Культура и культурность
На фоне многочисленных исследований
российской культуры прошлых веков
может показаться странным, что термин
“культура” почти не употреблялся
в российском обществе до 1880-х годов.
Может удивить и то, что слово
“культура” не встречается в языке
Пушкина. Публицисты Добролюбов, Чернышевский
и Писарев, воспитавшие целое
поколение радикальной интеллигенции,
также не употребляли данное слово
в своих произведениях. Лишь Белинский
использовал его однажды в
статье 1845 года, размышляя о “литературной
культуре”. В остальных случаях
это слово если и упоминалось,
то в своем исконном значении, то
есть в применении к сельскому
хозяйству [1].
Впервые слово “культура”
было зафиксировано в “Достопамятном
обозрении” Циммермана 1807 года. Словарь
Татищева 1826 года толковал французское
"culture" как “образованность” — именно
оно употребляется в языке Пушкина в значении,
близком гораздо более позднему понятию
“культурный”[2]. В отсутствии слова “культура”
в обыденном языке образованного российского
общества (до 1880-х годов) различные смыслы,
которые позже оно в себе соберет, передавались
словами “просвещение”, “образование”,
“цивилизация”, “литература”, “духовность”.
По отношению к конкретному лицу говорили
“образованный” или “воспитанный”.
Слово “культурный” впервые употреблено
печатно в 1861 году газетой “Русская речь”
как пример дурного слога [2].
Все это, конечно,
не означает, что до середины XIX
века отсутствовали явления, которые
теперь принято относить к
культуре. Однако некоторая маргинальность
этого понятия дает повод задуматься о
причинах терминологических сдвигов,
лежащих за пределами языка. Как получилось,
что “культура” из маргинального и второстепенного
превратилась в важный нормативно-окрашенный
термин? На фоне каких историко-практических
сдвигов произошло это изменение?
Вернемся к истории
понятия. Появление термина “культура”
в языке русской интеллигенции
принято связывать с немецким
влиянием. В Германии времен романтиков
слово "Kultur" использовалось для
выражения истинно национального, народного
духа, противопоставляемого французскому
влиянию, которое ассоциировалось со словом
“Zivilisation” (цивилизация). "Kultur" как
самоидентификация немецкой буржуазной
интеллигенции противопоставлялась внешне
рафинированной аристократии, которую
ассоциировали с "Zivilisation"[3]. Российские
славянофилы 1840-х годов, первыми попытавшиеся
проследить оппозицию между истинно народным
духом допетровской Руси и прозападной
элитой, использовали соответственно
“просвещение” и “образованность”.
Согласно П.Милюкову, “культура” и “цивилизация”
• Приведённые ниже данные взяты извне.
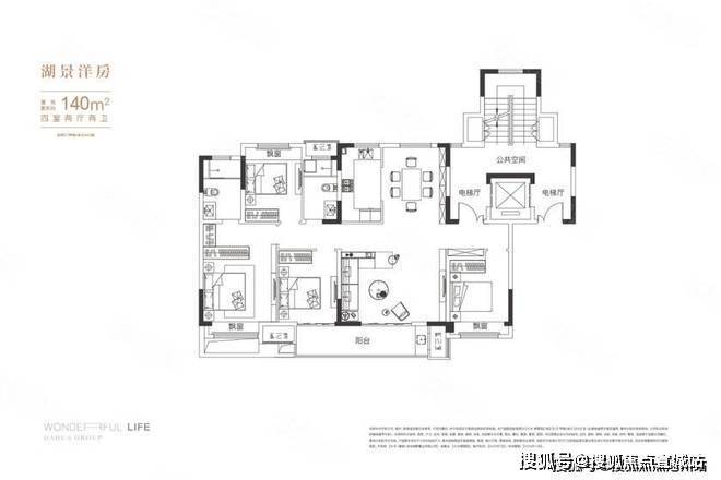 大华·梧桐院湖景洋房,区域内罕有实现四开间朝南的墅质洋房,建面约134-140㎡,独立电梯入户,最大约14.8米南向开间,约5.2米大面宽客厅,三卧朝南,套房式主卧拥享飘窗(或露台),是理想洋房范本。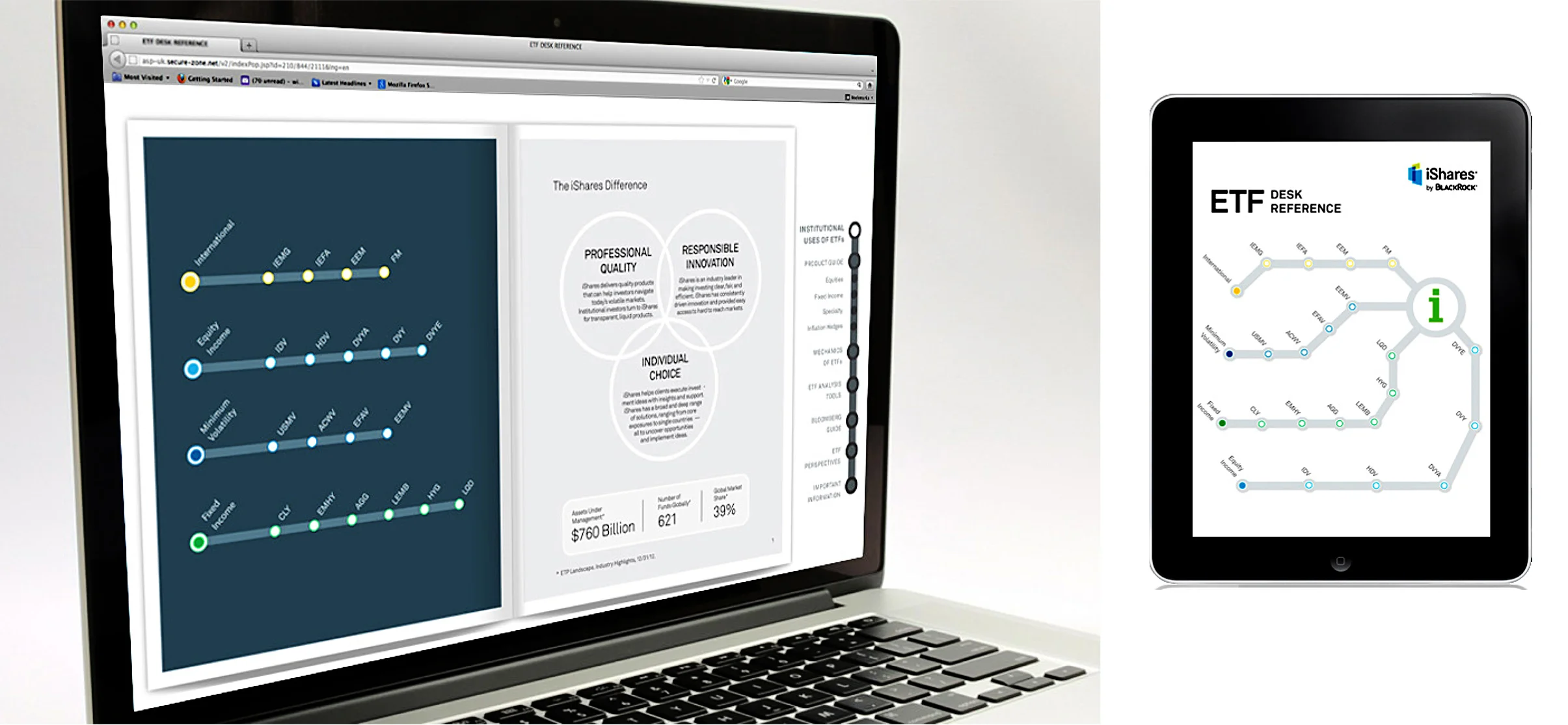 The Desk Reference is an annual direct mail and digital campaign for BlackRock and iShares. It is designed to be both a product reference guide as well as a driver of new business. The Desk Reference campaign has historically had some of the highest response rates amongst all campaigns developed by BlackRock or iShares. It has been one of the biggest marketing drivers of new sales leads for all of iShares professional investor client channels.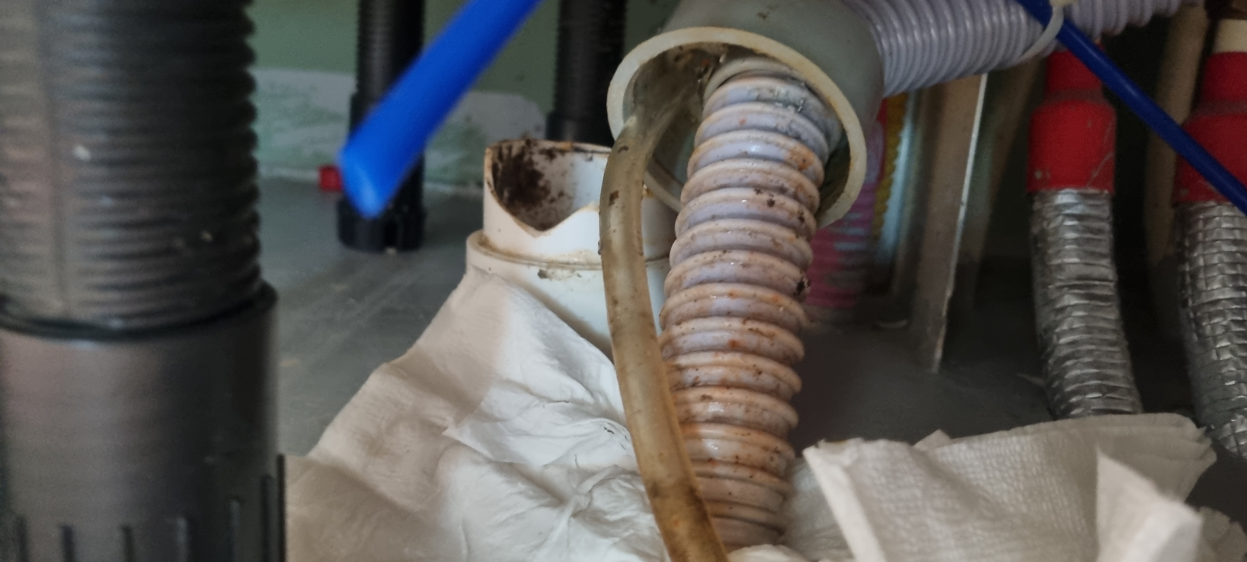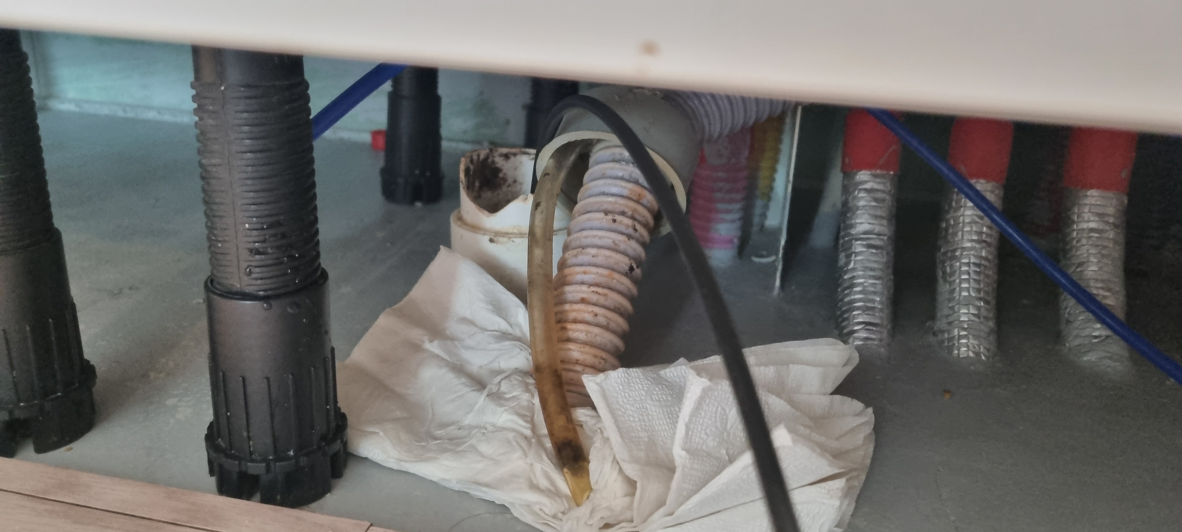역시나 물이 차있고 기름으로 꽈악 막혀있는 상황이네요.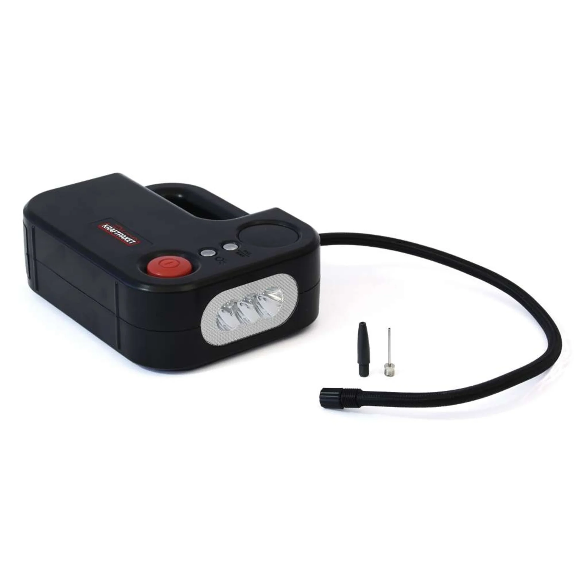 Le concentré de puissance Dino, puissance de 120 watts, pression maximale de 10 bars et débit de 22 litres par minute permet de gonfler les pneus de voiture, les matelas pneumatiques et les ballons. Le compresseur prend environ 4 minutes pour un pneu 195/50 R15 de 0,0 à 2,0 bars. Le tuyau de pression d'air a une longueur d'environ 52 cm. Le câble d'alimentation de 2,7 mètres permet de le brancher sur des prises de 12 volts ou sur l'allume-cigare. Le tuyau de pression d'air, le câble d'alimentation et l'adaptateur peuvent être rangés dans l'appareil.

предстали в качестве противоположностей
лишь в работах второго поколения славянофилов
в 1880-х годах. Наиболее четко это выразил
К.Леонтьев: под культурой следовало понимать
ранний период многоцветия и богатства
культурных форм, а под цивилизацией —
эпоху вторичного упрощения и заката.
Милюков впоследствии комментировал свои
“Очерки по истории русской культуры”
(1892-1895 годы) как попытку избежать подобных
противопоставлений за счет более широкого
толкования культуры как специфического
сочетания материальной и духовной культуры
народа. Он полагал, что разрыв между традиционной
народной культурой и культурой образованного
общества не есть симптом кризиса или
упадка, а выражает лишь переход от стихийного
к сознательному типу развития [4].
Рассмотрение оппозиций
(“культура — цивилизация”, “культура
— природа”) может прояснить
некоторые аспекты самопонимания
общества, то есть его идеологии. Не менее
важен и историко-практический контекст,
играющий роль “фона” в генезисе и трансформации
понятий. Оставаясь в рамках идеологии,
любая попытка осмыслить феномен культуры
была бы обречена на бесконечное блуждание
в лабиринтах семейных сходств, которыми
обладают различные аспекты этого понятия.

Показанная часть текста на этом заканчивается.